_RAW DATA_

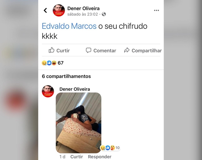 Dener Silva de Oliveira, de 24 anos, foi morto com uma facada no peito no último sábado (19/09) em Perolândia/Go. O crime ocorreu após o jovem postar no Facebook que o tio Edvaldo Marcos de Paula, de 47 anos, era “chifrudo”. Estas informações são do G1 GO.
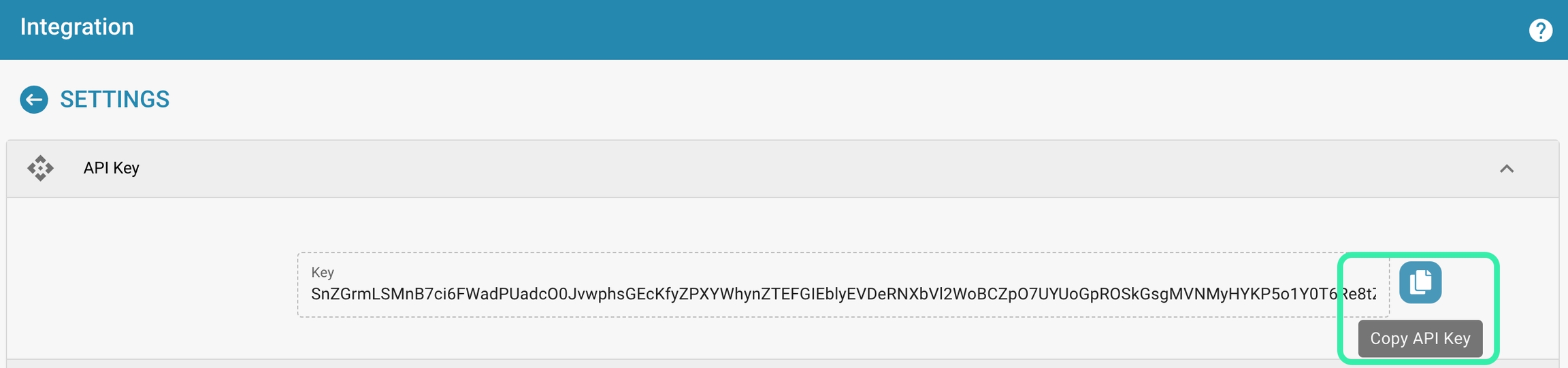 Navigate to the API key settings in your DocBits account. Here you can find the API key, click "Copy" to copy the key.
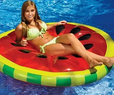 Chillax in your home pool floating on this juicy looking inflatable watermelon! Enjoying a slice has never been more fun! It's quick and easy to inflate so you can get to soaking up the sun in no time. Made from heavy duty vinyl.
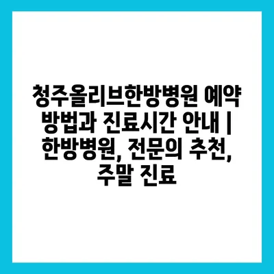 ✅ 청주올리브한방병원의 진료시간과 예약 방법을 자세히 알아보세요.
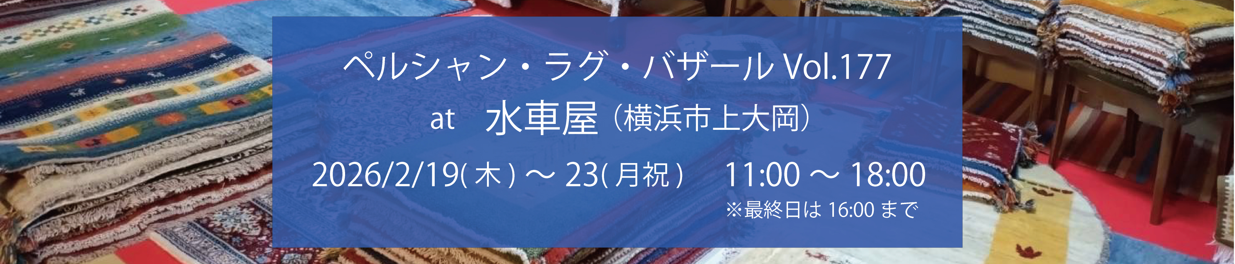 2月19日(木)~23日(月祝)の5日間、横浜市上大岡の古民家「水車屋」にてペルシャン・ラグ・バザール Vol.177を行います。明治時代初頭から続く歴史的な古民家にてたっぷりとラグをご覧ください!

_TASK BRIEF_
Could you reproduce the listing above exactly and drop every picture?

_TASK OUTPUT_
 Dener Silva de Oliveira, de 24 anos, foi morto com uma facada no peito no último sábado (19/09) em Perolândia/Go. O crime ocorreu após o jovem postar no Facebook que o tio Edvaldo Marcos de Paula, de 47 anos, era “chifrudo”. Estas informações são do G1 GO.
 Navigate to the API key settings in your DocBits account. Here you can find the API key, click "Copy" to copy the key.
 Chillax in your home pool floating on this juicy looking inflatable watermelon! Enjoying a slice has never been more fun! It's quick and easy to inflate so you can get to soaking up the sun in no time. Made from heavy duty vinyl.
 ✅ 청주올리브한방병원의 진료시간과 예약 방법을 자세히 알아보세요.
 2月19日(木)~23日(月祝)の5日間、横浜市上大岡の古民家「水車屋」にてペルシャン・ラグ・バザール Vol.177を行います。明治時代初頭から続く歴史的な古民家にてたっぷりとラグをご覧ください!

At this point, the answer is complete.